The Political Economy of Land Conflict in a Transborder Oaxacan Community

Editor’s Note: This article was originally published in the Winter 2012 edition of CLLAS Notes, the newsletter of the Center for Latino/a and Latin American Studies.

by Iván Sandoval

Santa Ana’s church and the María Sánchez hill in the background.

This project explores how immigration affects land conflicts in Santa Ana Zegache, located in the central valleys of Oaxaca, México. Santa Ana Zegache, like many other communities in the Mexican countryside, is a divided community. Its divisions are reflected in two main realms: political parties and land issues. At this stage of the project I am focusing on the latter, although it should be noted both of these realms are deeply intertwined.

Land conflict is not a new phenomenon in Santa Ana Zegache. In fact, archival material shows that the conflict between “agraristas” (or the people who defend the “communal” land-holding system also known as “ejido”) and “propietarios” (those who support a version of private property) has been present in the community at least since the 1940s. This conflict has taken many different forms, however, and in the last two decades the divide between the “ejidatarios” and the ”propietarios” became almost symmetrical with the division between Santañeros who support either the Partido Revolucionario Institucional (PRI) and those who support the Partido de la Revolución Democrática (PRD). This division has split families and friendships, and, because of that, it has created new networks that have been transplanted to Santa Ana’s immigrant community in Oregon.

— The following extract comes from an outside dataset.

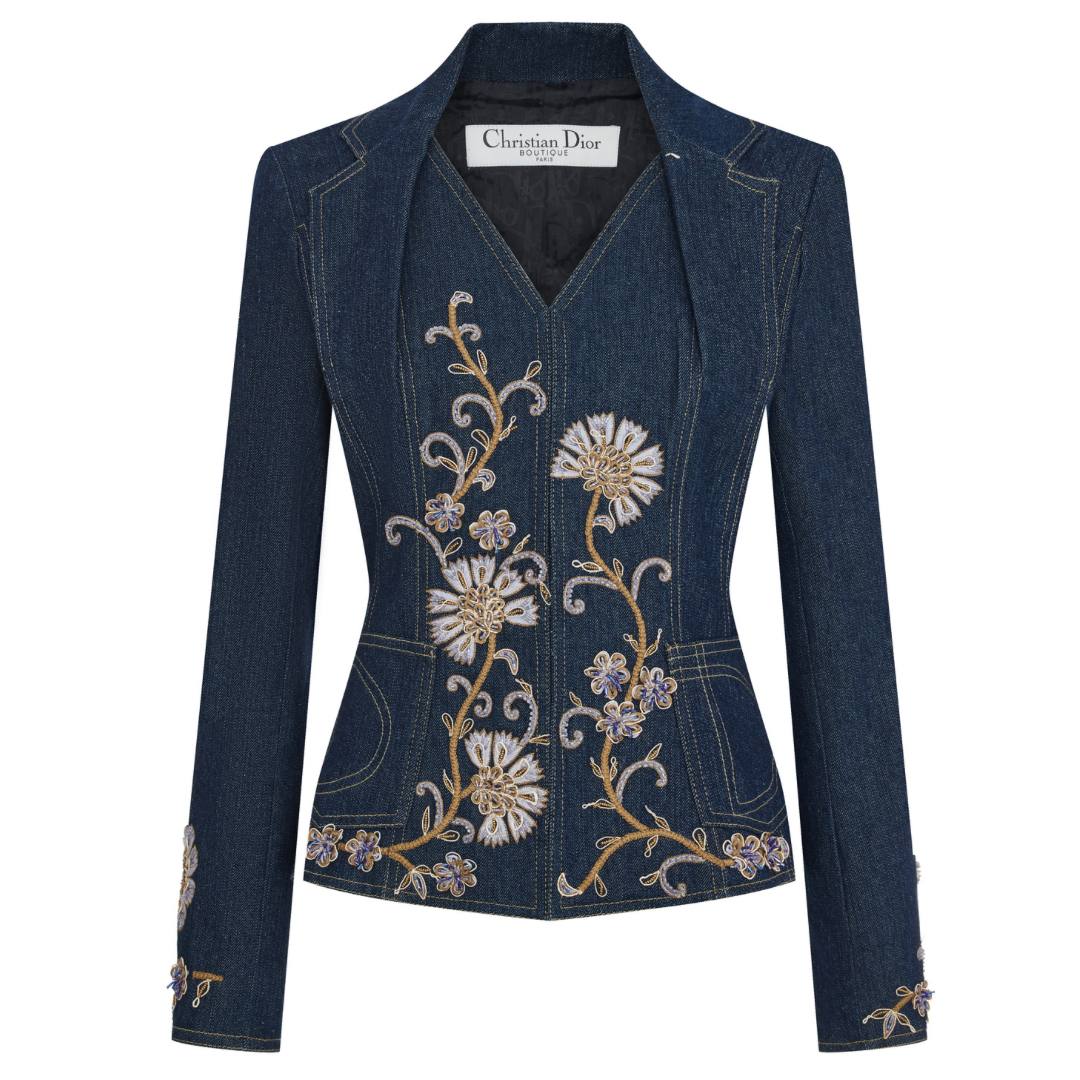 Приталенный, стильный жакет из денима Dior – абсолютный тренд. В этом изделии особенно много интересных деталей: рельефные швы, на спинке – отстрочка в виде сердца, на карманах – отсрочка в виде буквы D, дополнительный декоративный английский воротник. Классический синий деним в сочетании с роскошной объёмной цветочной вышивкой 3D. Чёрный подклад с логотипами модного дома. Жакет прекрасно сочетается с денимом, брюками, юбками и платьями.

My project will highlight how land conflicts have been transformed by immigration and how Santa Ana’s immigrant community in Oregon has also been transformed by the increased intensity of local land conflicts. Studying land conflict in transborder communities can help us to understand how immigration modifies people’s political attitudes, and it can also shed some light on how immigrant communities retain connections with their communities of origin by emphasizing a particular relation to land and agriculture in a familial and communal setting. ■

—Iván Sandoval is a second year master’s student in the Department of Anthropology. Iván received his licenciatura in anthropology from the Universidad de las Americas-Puebla, in Mexico, and he also received a master’s in the philosophy of sciences from the London School of Economics.